Командир Бомбардировщика (СИ), стр. 50
— Держу курс.
Держать курс в луче — это против всего, что есть в человеке. Тело кричит, что надо шевелиться, менять высоту, вилять, делать хоть что-нибудь, потому что неподвижная цель — это цель. А боевой заход требует ровно обратного: прямая, постоянная скорость, постоянная высота и никакой самодеятельности, пока штурман не скажет.
Я кладу ладони на ручку так, как учил чужих лейтенантов в другой жизни: не сжимая, только направляя. Пальцы всё равно белеют.

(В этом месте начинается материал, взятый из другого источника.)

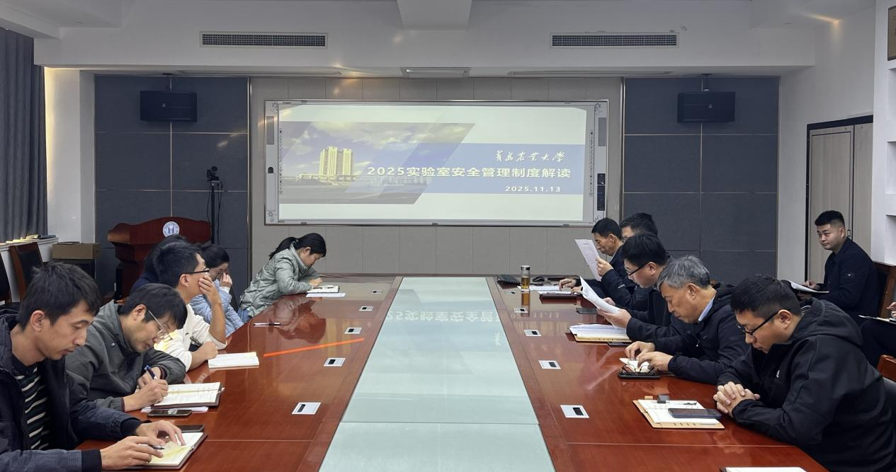 为认真落实校园安全治理工作,切实强化实验室安全管理,11月13日,我院于生物楼N306会议室组织开展2025年度实验室安全管理制度专题培训会。学院各科研团队骨干教师参加培训会,培训会由学院党委书记隋成竹主持。

— Так держать, — говорит Литвинов. — Влево два… хорошо… так.
Зенитка кладёт разрыв близко, слева и чуть выше. Машину подбрасывает, и я возвращаю её на курс раньше, чем успеваю испугаться.
— Ушли с прямой, — говорит Литвинов виновато, будто это он виноват.

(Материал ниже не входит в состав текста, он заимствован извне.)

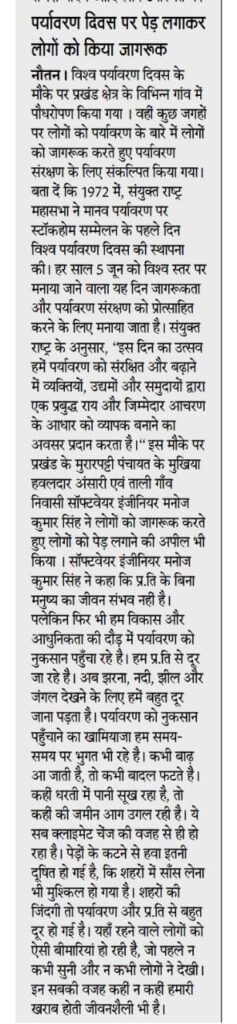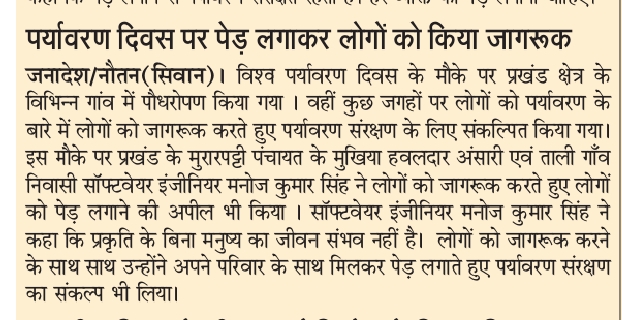 आज के प्रमुख समाचार पत्रों में! पर्यावरण दिवस !!?

— Возвращаю. Считай заново.
— Есть заново.
Он мог бы промолчать и дать команду по старому расчёту. Никто бы не проверил. Вместо этого он считает во второй раз, теряя те секунды, за которые в нас может попасть.
— Так… ещё немного… сброс!
Машина легчает разом, как всегда.
И в ту же секунду что-то бьёт по нам всерьёз.
Не галька. Удар приходит слева, в мотогондолу, тупой и тяжёлый, я чувствую его подошвами через всю конструкцию. Машину бросает вправо и вниз, ручка вырывается из руки, и я ловлю её обеими ладонями.
— Горим? — кричу я. — Федя!
— Огня нет! Левый мотор трясёт, из-под капота масло!
Обороты левого падают рывками. Давление масла уже в красном. Я перекрываю ему топливо, убираю сектор и выключаю зажигание. Левый винт продолжает крутиться в набегающем потоке, но тяги больше не даёт. Мы остаёмся на одном правом — том самом, из чьей масляной сетки Трофимов вынул стружку.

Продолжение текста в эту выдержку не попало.